How to make mini lasagna cups
These Super Easy Mini Vegetable Lasagna Cups are a much faster version of lasagna with the perfect serving sizes for everyone! No more guessing the calorie count as you lift a giant slice out of the pan – these mini lasagnas are here to save your waistline!
And how cute are they by the way?! You can make them ahead of time to bake later on. They are so delicious when you’re craving lasagna but don’t have the time and energy to devote to making one from scratch, or worse yet, waiting an hour or more for a frozen one to bake in the oven.
Here's how to make them:
- Preheat the oven to 400 F. Grease 4 ramekins. In a medium-sized bowl, mix tomato sauce with salt and pepper, then set aside.
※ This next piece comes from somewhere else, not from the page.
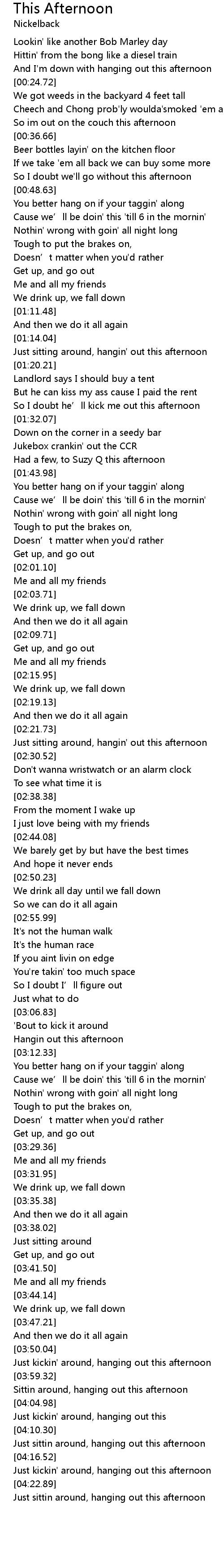 | [04:01.22] | Sittin around, hanging out this afternoon |
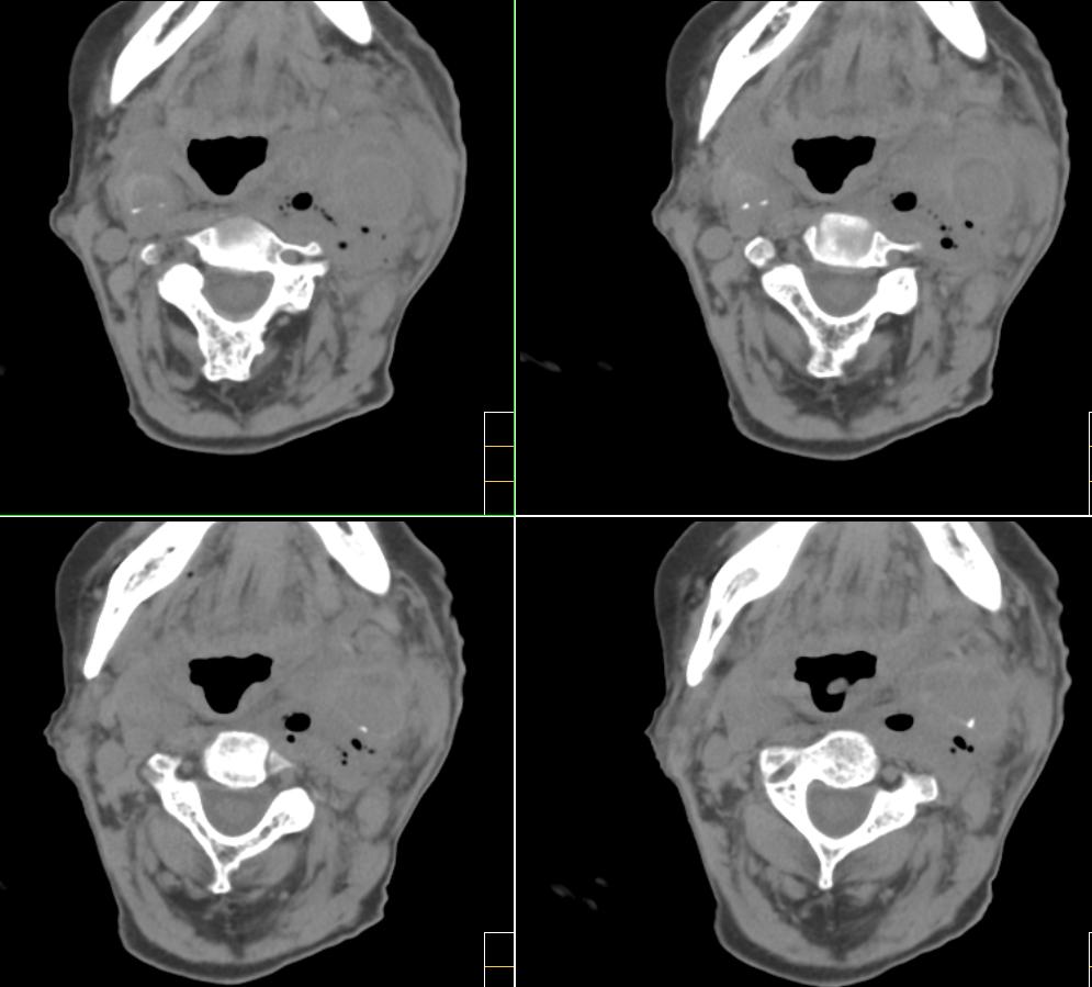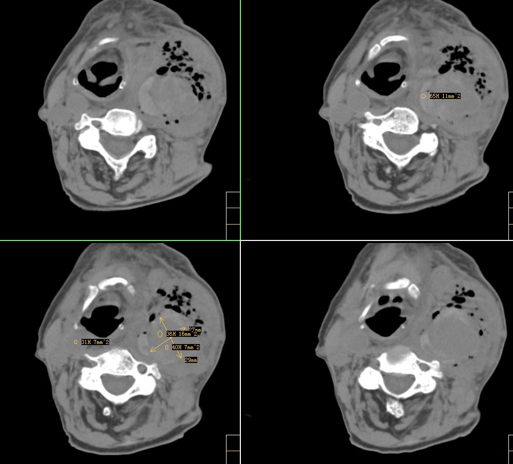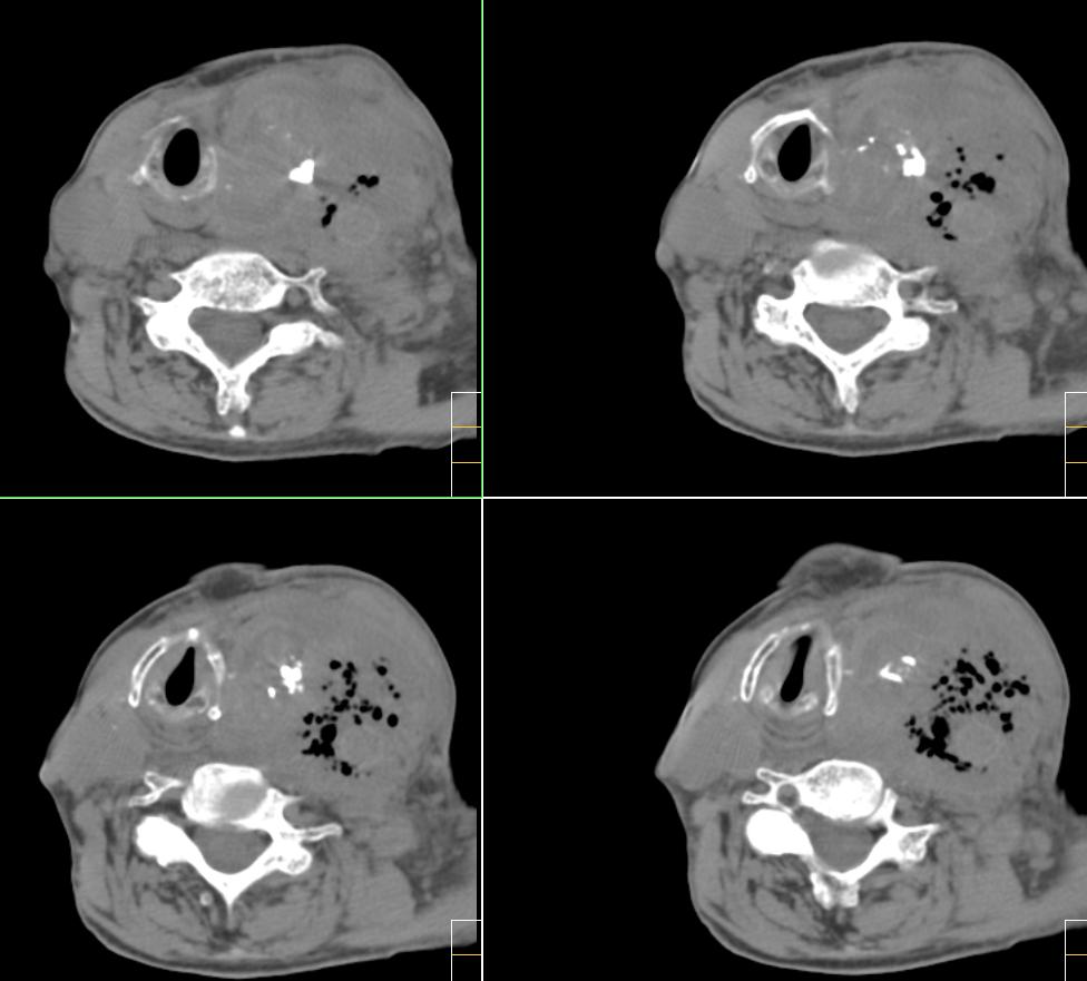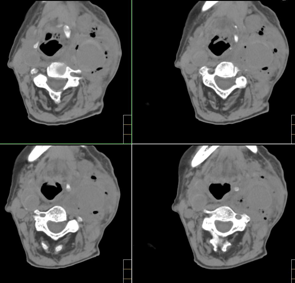 很遗憾,因患者高龄,高血压,肺心病、心衰,身体虚弱,未能进一步做增强扫描,临床上穿刺为动脉血,考虑颈动脉血管破裂(我觉得气体影不好解释),家属放弃治疗出院。[emb10]

- Divide remaining ingredients evenly among ramekins, starting with ricotta cheese, then lasagna noodles, veggies and more ricotta.
- Top with lasagna sheets and pour a bit of tomato sauce over top. Add grated mozzarella cheese to top of each ramekin.
- Bake in the oven for 15-20 minutes until lasagna noodles are al dente and cheese is melted.
- Remove from oven, top with fresh basil, then serve and enjoy!
Ingredients in Mini Lasagnas
Move over Mini Chicken Pot Pies, there’s a new favourite comfort food in town.
These Mini Vegetable Lasagna Cups cook super-fast because they’re a smaller serving size, and you don’t need to do anything ahead of time if you don’t feel like it. Chop up your veggies, layer in your sauce and cheeses, bake and boom! Comfort food in a cup!
I mean who doesn’t love lasagna?! I think it’s one of those foods I’m always in the mood for. Here's what you need to make these cute little cups!
- ricotta cheese
- lasagna noodles
- red and yellow pepper
- jarred tomato sauce
- mozzarella cheese, grated
Let’s dive into these Super Easy Mini Vegetable Lasagna Cups a little bit more. For one, they are vegetarian, and I kept them this way because I find prepping a meat sauce is what takes the most time in making traditional lasagna.
So here we are, a meatless lasagna with only 5 to 10 minutes prep time and 20 minutes bake time. Yes, you heard me right: homemade lasagna in half an hour or less!
You can switch up the ingredients, however, so here are some suggestions and notes.
Meat – There's no meat in this recipe, but you can saute some ground beef, ground chicken or chicken breast to add to these mini lasagnas.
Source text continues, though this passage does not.